1 Department of Medicine, Division of Molecular Oncology and 2 Molecular Imaging Center, Mallinckrodt Institute of Radiology, Washington University School of Medicine, St Louis, MO; 3 College of Veterinary Medicine and 4 Center for Retrovirus Research, Department of Veterinary Biosciences, The Ohio State University, Columbus; and 5 Department of Molecular Biology and Pharmacology, Washington University School of Medicine, St Louis, MO

Early events in tumor development are spontaneous, microscopic, and affected by the microenvironment.

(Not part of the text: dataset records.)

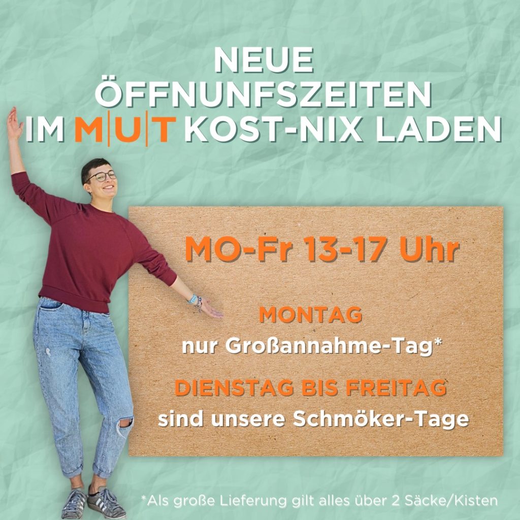 Wenn du mit uns dazu aktiv werden willst oder andere Ideen für Kooperationen hast, wir denken z.B. an Workshops im Kost-Nix Laden, melde dich sehr gerne bei Clara, der Leiterin des Kost-Nix Ladens per Email an salzburg@verein-mut.eu.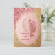 Este design deslumbrante apresenta sotaques brilhantes dourados sobre um fundo cor-de-rosa macio, exibindo maravilhosamente pequenos pés de bebê e mãe. Perfeito por receber uma pequena princesa, este convite elegante adiciona um toque de glamour ao seu evento especial. Celebre em estilo e torne seu chá de fraldas inesquecível com este luxuoso e atraente convite!
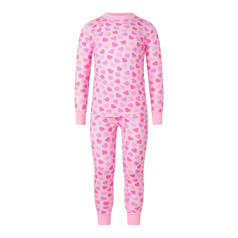 Premium soft cotton long sleeve, long trousers jersey pajama set with a fun scatter heart print for a perfect day to night outfit for all little ones!95% Cotton / 5% Elastane
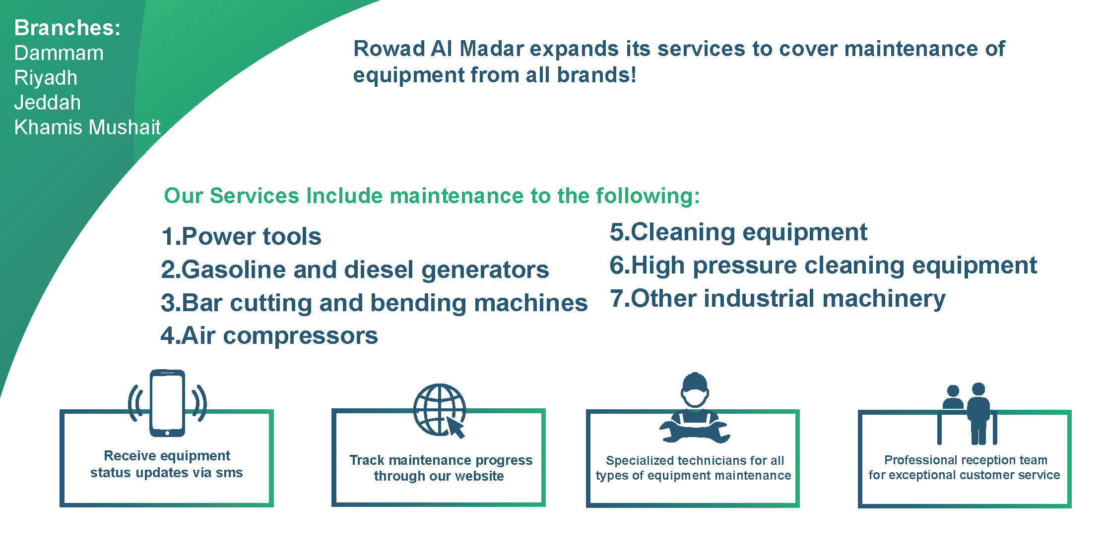 Rowad Al Madar For Maintenance is a leading company in the field of maintaining and operating mechanical and electrical equipment and providing various after-sales services. The company currently includes 5 maintenance branches in the kingdom. These branches operate with an advanced maintenance program that informs the customer of the different stages during the equipment inspection process until receiving it. And because we are always keen on excellence, we provide the best services at the best prices with the help of engineers and technicians specialized in the electrical and mechanical fields.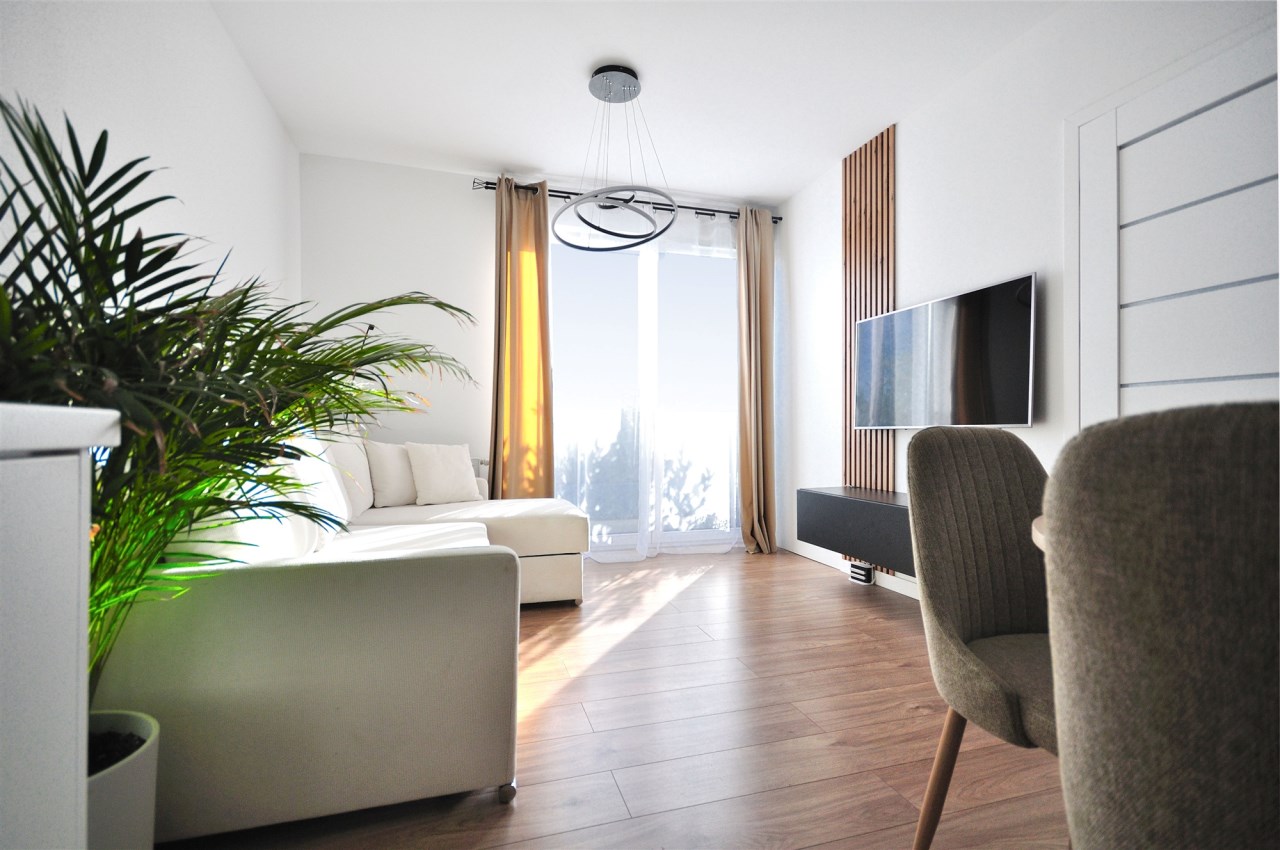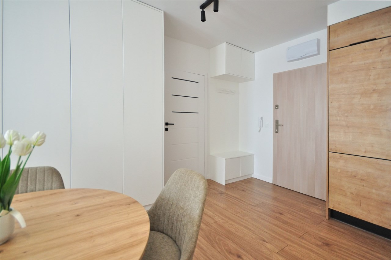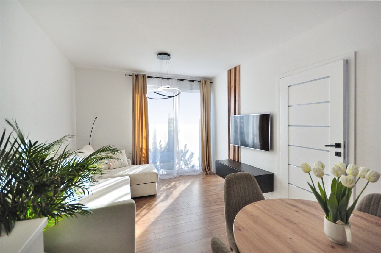 Salon dzienny z aneksem kuchennym, sypialnia osobno. Z obu pokoi wyjście na balkon.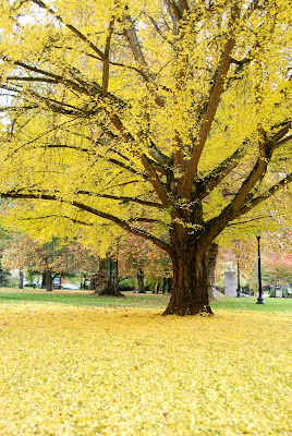 來過Reed College好幾次,但每次都是來聽演奏,所以從來沒花什麼心思欣賞風景。車子在停車場停下來,一行人推著小車上的小恩恩,慢慢地在滿是落葉、微溼的地上行走。走沒多遠,從圖書館旁轉過彎,眼前就展現出了一片金黃,黃澄澄的樹頭輝映著滿地同樣是黃澄澄的落葉,一見到這幅景象我們就再也移動不了腳步了。

We developed a mouse model of spontaneous lymphoma in which malignant transformation is coupled with light emission that can be detected noninvasively using bioluminescent imaging. The human T-cell leukemia virus (HTLV) type 1 transcriptional transactivator Tax is an oncogene sufficient to produce lymphoma in transgenic animal models. Using the granzyme B promoter to restrict Tax expression to the mature natural killer (NK)/T-cell compartment, we have reproduced many elements of HTLV-associated adult T-cell leukemia/lymphoma. Tax activates signaling cascades associated with transformation, inflammation, and tumorigenesis. Here, we report that Tax-mediated activation of luciferase in long terminal repeat-luciferase (LTR-LUC) mice serves as a reporter for imaging these processes in vivo. Using bioluminescent imaging (BLI), we discovered that microscopic intraepithelial lesions precede the onset of peripheral subcutaneous tumors, tumorigenesis progresses through early reversible stages, and Tax is sufficient for inducing tumors. Based on these findings, we propose that Tax expression in activated lymphocytes initiates a cascade of events that leads to NK/T cell recruitment, activation, and transformation. The use of BLI expands our ability to interrogate the role of Tax in tumorigenesis in vivo and has made the association of inflammation with tumor initiation amenable for study.